SDMs can be constructed in a variety of ways and with a range of outputs. Most models predict species presence or absence, or just presence, to get geographic ranges, based on the environmental data associated with species occurrence records. SDMs can be developed using a variety of algorithms including statistical models (e.g. GLMs (Guisan et al. 1998; Randin et al. 2006), machine learning (Harrison et al. 2006; Phillips et al. 2006)), heuristic models (Beaumont & Hughes 2002) and combinatorial optimization (Fitzpatrick et al. 2007). There are two types of common outputs from these models: binary and continuous. Binary output defines each location as being within or outside the distribution and often requires a threshold to determine this boundary. Continuous results allow a less defined approach to identifying areas of high and low probability of occurrence.

We used the maximum entropy algorithm (MaxEnt) approach (Phillips et al. 2006) because we needed an algorithm that could use both presence/absence data and presence only data, and maximum entropy has consistently been among the top performing algorithms for SDM (Phillips et al. 2006; Elith et al. 2006; Ortega-Huerta & Peterson 2008). Maximum entropy is a machine learning technique that predicts species distributions using detailed geospatial data sets along with species occurrence information, and is conducted using the specialized package MaxEnt (Phillips et al. 2006). MaxEnt was used to develop probability envelopes for the occurrence of the five invasive trees in southeastern forests using distribution-environment relationships derived at the global (GBIF) and regional (FIA) data. Additionally, further analysis was

undertaken at a regional scale using only regional GBIF records. This was to determine whether systematically acquired presence/absence data (FIA) and opportunistically acquired and presence only data (GBIF) from the same region gives different perspectives on distribution-environment relationships or whether the SDMs follow similar patterns. Models were derived using a manual backward selection method, where variables that had little or no impact on the model were removed, this was repeated ten times with different selections of training and test data. The key variables determining the occurrence of each species were identified by their percent

contribution to the final model and with a jack-knife test on gain and influence on the area under the curve (AUC).

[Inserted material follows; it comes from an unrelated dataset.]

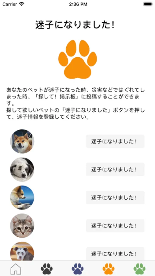 迷子ペットが保護された時に、飼い主にすぐに連絡が取れるようにするためのアプリです。

Four techniques were used to assess model reliability: the performance of test and training data, the omission rate, AUC and comparison with an external dataset. Occurrence data were randomly split with thirty percent in test and seventy percent in training datasets for the regional

models and run ten times with random selections. It has been shown that the area defined by the absences, pseudo-absences or background can have a major influence on model output (Phillips et al. 2009; Elith et al. 2010). Since GBIF only provides presence data, pseudo-absences were taken as random background points within the maximum latitude (+ 0.5 degrees) recorded in the GBIF data for each of the five species (Table 7-1), limiting the pseudo-absences to areas that the species could potentially invade. FIA data records both presence and absence, thus absence points were used to define the background. For the assessment of models all test data were limited to the southeastern region i.e. the global GBIF model used thirty percent of the data within the southeastern region as test data with all test data outside of the southeastern region dropped from the analysis.

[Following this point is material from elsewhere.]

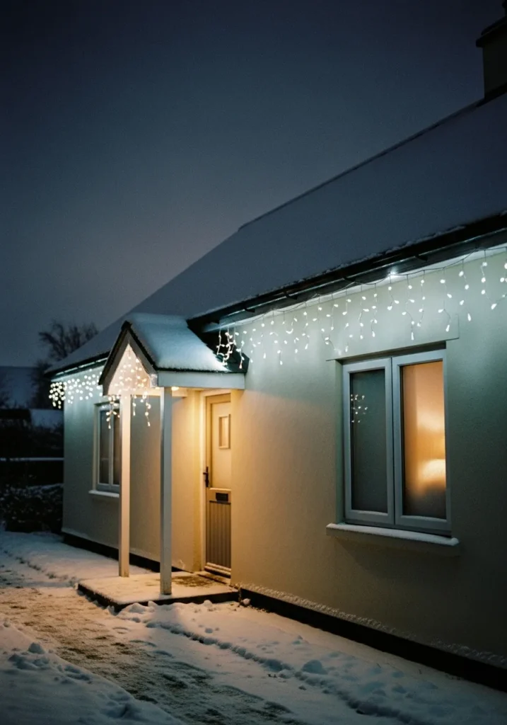 Cozy Cottage with Snowy Icicle Lights

The omission rate is the false negative or the proportion of sites where the species was present but the model predicted absence. To calculate this, a cut-off criterion is required to convert continuous model predictions to binary classifications. We used a threshold value that

maximized the sum of sensitivity and specificity. This has the advantage of giving equal weight to the probability of success for both presence and absence (Manel et al. 2002). This is one of the most appropriate methods to derive a binary variable from continuous probabilities when species presence-absence distribution data are unbalanced (Jiménez-Valverde & Lobo 2006; Liu et al. 2005). This cut-off was also used for mapping of one run of the final selection of variables. AUC provides a single measure of model performance, independent of any particular choice of

threshold but is sensitive to the method in which absences in the evaluation data are selected (Lobo et al. 2008). We used the following classes of AUC to assess model performance: 0.50 to 0.75 = fair, 0.75 to 0.92 = good, 0.92 to 0.97 = very good, and 0.97 to 1.00 = excellent (Hosmer & Lemeshow 2000). AUC is most applicable to data with true absences (Jiménez-Valverde 2011), thus it needs to be used with caution for datasets that do not have absence data. Other studies have shown the strength of using AUC as an assessment tool when predicting species one at a time over the same extent for all models, removing highly correlated variables and

restricting the spatial distribution of all models to a similar environment, as was done in this study (Stohlgren et al. 2010). The proportion of agreement and spatial correlation between models were also assessed, with Pearson’s correlation calculated between FIA model and global GBIF models and FIA models and regional GBIF models.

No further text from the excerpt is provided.